Chalfen Memorial Lecture
Dr Karl Sauvant, Executive Director of Columbia University Program on International Investment, formerly Director of the Investment Division at UNCTAD, addressed the topic of the 2006 Chalfen Memorial Lecture focusing on three main issues: 1) Why did the issue of Transnational Corporations (TNCs) arise in the UN? 2) What happened to the efforts at the UN and elsewhere and why? 3) Where do we stand today?
Dr Sauvant argued that the orientation of the regulatory framework for foreign direct investment (FDI) is a function of the balance of the costs and benefits that governments perceive is associated with FDI. According to Dr Sauvant this evaluation plays itself out at the national, regional and multilateral levels as regards the geographic scope of any instrument, the balance of the rights and responsibilities of the principal partners in the investment process and the implementation of investment instruments (incl. their voluntary vs mandatory nature).
Dr Sauvant argued that during the 1970s, the balance of costs and benefits was seen to be negative -- and this was addressed at the multilateral level, with a focus on the responsibilities of TNCs, but with weak implementation mechanisms. Since the mid-1980s, the balance is seen to be strongly positive -- with facilitating instruments at all levels, a focus on the responsibilities of host countries and strong implementation.

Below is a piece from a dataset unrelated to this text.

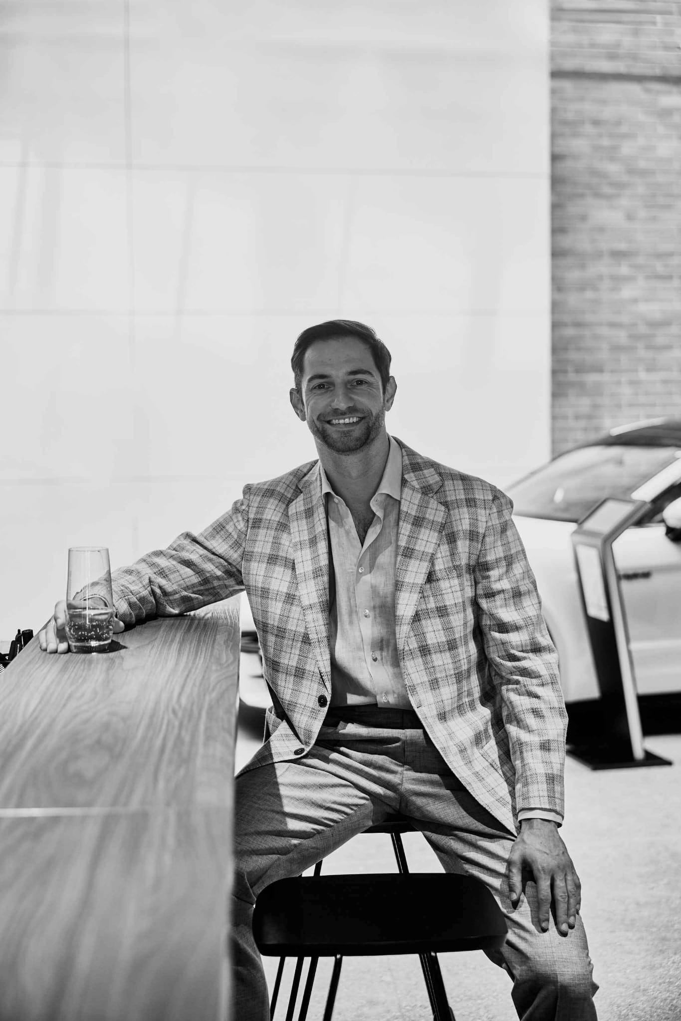 dobrze wygląda zarówno rozpięty pod szyją i z krawatem.

Future developments of the international policy and legal regime will depend again on how the balance will be perceived. Dr Sauvant cautioned about the potential for a future "backlash" against foreign investment, stemming in particular from criticism within developed countries (in light of recent strong inward investment in sensitive sectors). However, the approach towards FDI will eventually take place at the multilateral level, reflecting the global nature of TNCs.
This was the third in the Chalfen Memorial Lecture series, which was established by British American Tobacco to honour the memory of Stuart Chalfen.